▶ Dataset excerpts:

Content starts

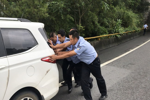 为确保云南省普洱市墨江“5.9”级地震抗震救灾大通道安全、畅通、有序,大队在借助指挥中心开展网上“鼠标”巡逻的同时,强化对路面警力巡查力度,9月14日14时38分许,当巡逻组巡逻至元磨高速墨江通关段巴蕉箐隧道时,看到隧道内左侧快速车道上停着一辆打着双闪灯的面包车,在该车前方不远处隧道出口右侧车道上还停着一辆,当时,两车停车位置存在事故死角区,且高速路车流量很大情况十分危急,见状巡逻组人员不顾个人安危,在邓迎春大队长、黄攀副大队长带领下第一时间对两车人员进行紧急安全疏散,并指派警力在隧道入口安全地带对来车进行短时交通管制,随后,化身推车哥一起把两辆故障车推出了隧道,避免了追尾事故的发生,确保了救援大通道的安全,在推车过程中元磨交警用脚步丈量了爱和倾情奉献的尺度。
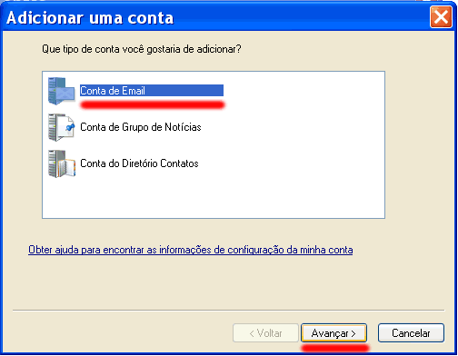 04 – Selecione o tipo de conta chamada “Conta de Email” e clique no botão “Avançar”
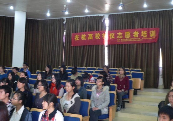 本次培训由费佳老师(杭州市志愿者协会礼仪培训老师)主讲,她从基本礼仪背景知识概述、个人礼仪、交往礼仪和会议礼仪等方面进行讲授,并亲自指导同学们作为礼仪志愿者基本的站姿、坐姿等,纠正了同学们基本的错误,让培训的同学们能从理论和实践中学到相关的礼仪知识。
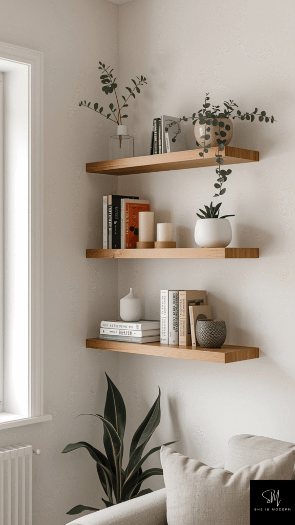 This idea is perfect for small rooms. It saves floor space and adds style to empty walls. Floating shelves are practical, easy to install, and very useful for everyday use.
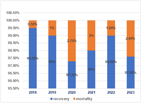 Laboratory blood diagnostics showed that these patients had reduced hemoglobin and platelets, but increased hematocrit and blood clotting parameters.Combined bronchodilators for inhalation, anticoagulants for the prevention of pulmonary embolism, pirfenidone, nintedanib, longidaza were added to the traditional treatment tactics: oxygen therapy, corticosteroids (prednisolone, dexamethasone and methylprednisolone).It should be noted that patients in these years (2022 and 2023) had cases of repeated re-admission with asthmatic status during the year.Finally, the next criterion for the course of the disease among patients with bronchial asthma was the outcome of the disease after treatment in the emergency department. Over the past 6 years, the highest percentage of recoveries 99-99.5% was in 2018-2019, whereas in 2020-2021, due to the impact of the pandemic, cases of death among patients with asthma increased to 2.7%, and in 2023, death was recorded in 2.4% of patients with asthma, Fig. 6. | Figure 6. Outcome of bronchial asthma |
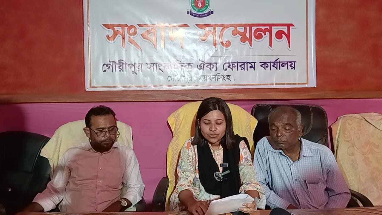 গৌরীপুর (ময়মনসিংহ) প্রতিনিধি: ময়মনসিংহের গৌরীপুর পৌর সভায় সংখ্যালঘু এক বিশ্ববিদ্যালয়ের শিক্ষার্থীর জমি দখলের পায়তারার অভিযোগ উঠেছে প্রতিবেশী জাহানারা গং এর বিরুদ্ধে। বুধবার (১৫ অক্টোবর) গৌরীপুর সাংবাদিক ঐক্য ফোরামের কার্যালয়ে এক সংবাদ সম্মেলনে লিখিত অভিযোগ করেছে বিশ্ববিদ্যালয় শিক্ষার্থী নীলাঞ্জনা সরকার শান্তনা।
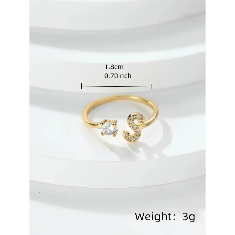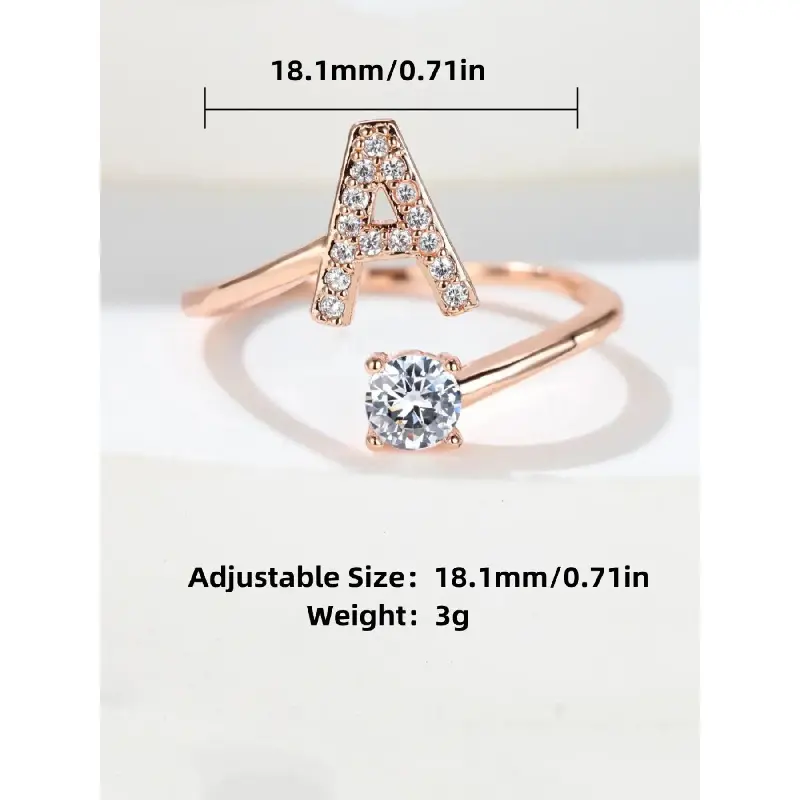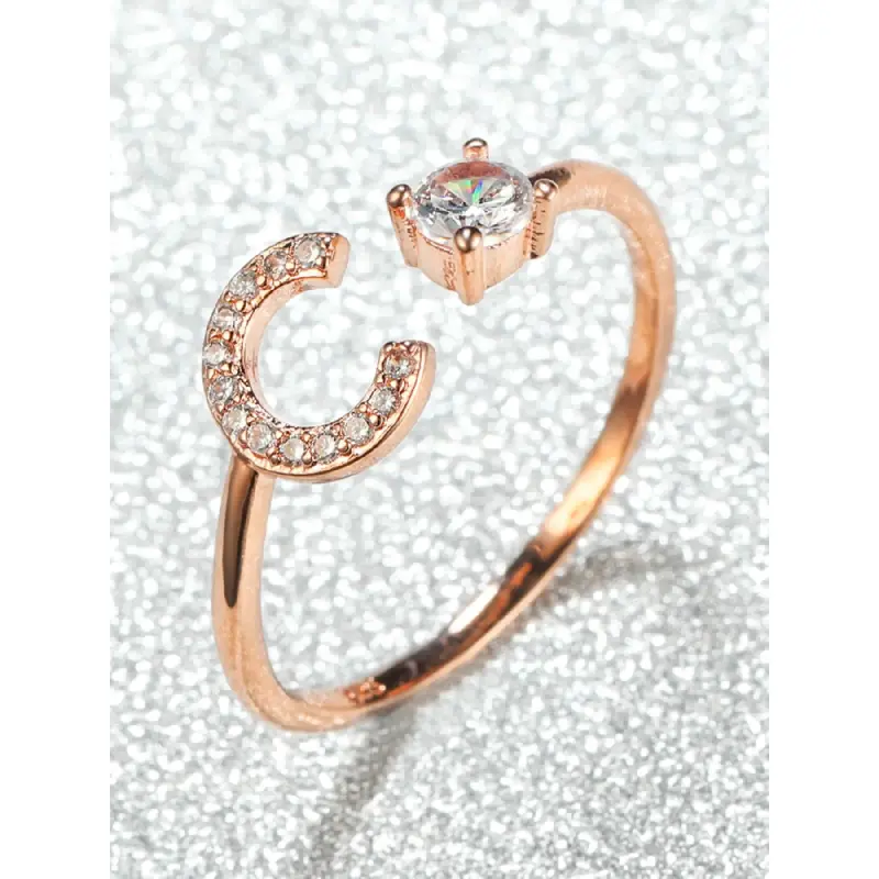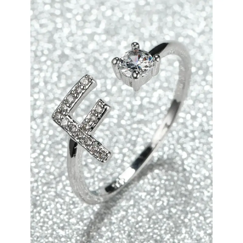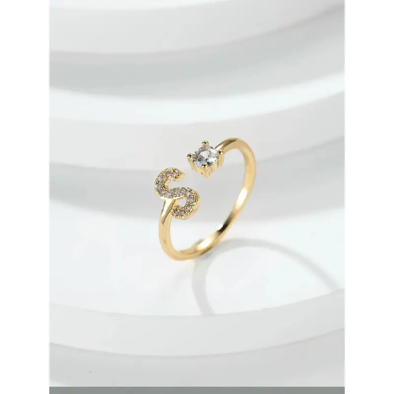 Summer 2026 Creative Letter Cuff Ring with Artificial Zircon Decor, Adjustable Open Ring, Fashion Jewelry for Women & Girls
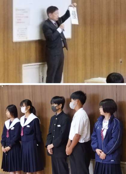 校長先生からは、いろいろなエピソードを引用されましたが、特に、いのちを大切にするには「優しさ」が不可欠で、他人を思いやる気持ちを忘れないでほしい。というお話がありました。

Content ends

▶ Task goal: Print every line of the data exactly. Pictures do not belong in the copy.

▶ Answer space:
 为确保云南省普洱市墨江“5.9”级地震抗震救灾大通道安全、畅通、有序,大队在借助指挥中心开展网上“鼠标”巡逻的同时,强化对路面警力巡查力度,9月14日14时38分许,当巡逻组巡逻至元磨高速墨江通关段巴蕉箐隧道时,看到隧道内左侧快速车道上停着一辆打着双闪灯的面包车,在该车前方不远处隧道出口右侧车道上还停着一辆,当时,两车停车位置存在事故死角区,且高速路车流量很大情况十分危急,见状巡逻组人员不顾个人安危,在邓迎春大队长、黄攀副大队长带领下第一时间对两车人员进行紧急安全疏散,并指派警力在隧道入口安全地带对来车进行短时交通管制,随后,化身推车哥一起把两辆故障车推出了隧道,避免了追尾事故的发生,确保了救援大通道的安全,在推车过程中元磨交警用脚步丈量了爱和倾情奉献的尺度。
 04 – Selecione o tipo de conta chamada “Conta de Email” e clique no botão “Avançar”
 本次培训由费佳老师(杭州市志愿者协会礼仪培训老师)主讲,她从基本礼仪背景知识概述、个人礼仪、交往礼仪和会议礼仪等方面进行讲授,并亲自指导同学们作为礼仪志愿者基本的站姿、坐姿等,纠正了同学们基本的错误,让培训的同学们能从理论和实践中学到相关的礼仪知识。
 This idea is perfect for small rooms. It saves floor space and adds style to empty walls. Floating shelves are practical, easy to install, and very useful for everyday use.
 Laboratory blood diagnostics showed that these patients had reduced hemoglobin and platelets, but increased hematocrit and blood clotting parameters.Combined bronchodilators for inhalation, anticoagulants for the prevention of pulmonary embolism, pirfenidone, nintedanib, longidaza were added to the traditional treatment tactics: oxygen therapy, corticosteroids (prednisolone, dexamethasone and methylprednisolone).It should be noted that patients in these years (2022 and 2023) had cases of repeated re-admission with asthmatic status during the year.Finally, the next criterion for the course of the disease among patients with bronchial asthma was the outcome of the disease after treatment in the emergency department. Over the past 6 years, the highest percentage of recoveries 99-99.5% was in 2018-2019, whereas in 2020-2021, due to the impact of the pandemic, cases of death among patients with asthma increased to 2.7%, and in 2023, death was recorded in 2.4% of patients with asthma, Fig. 6. | Figure 6. Outcome of bronchial asthma |
 গৌরীপুর (ময়মনসিংহ) প্রতিনিধি: ময়মনসিংহের গৌরীপুর পৌর সভায় সংখ্যালঘু এক বিশ্ববিদ্যালয়ের শিক্ষার্থীর জমি দখলের পায়তারার অভিযোগ উঠেছে প্রতিবেশী জাহানারা গং এর বিরুদ্ধে। বুধবার (১৫ অক্টোবর) গৌরীপুর সাংবাদিক ঐক্য ফোরামের কার্যালয়ে এক সংবাদ সম্মেলনে লিখিত অভিযোগ করেছে বিশ্ববিদ্যালয় শিক্ষার্থী নীলাঞ্জনা সরকার শান্তনা।
 Summer 2026 Creative Letter Cuff Ring with Artificial Zircon Decor, Adjustable Open Ring, Fashion Jewelry for Women & Girls
 校長先生からは、いろいろなエピソードを引用されましたが、特に、いのちを大切にするには「優しさ」が不可欠で、他人を思いやる気持ちを忘れないでほしい。というお話がありました。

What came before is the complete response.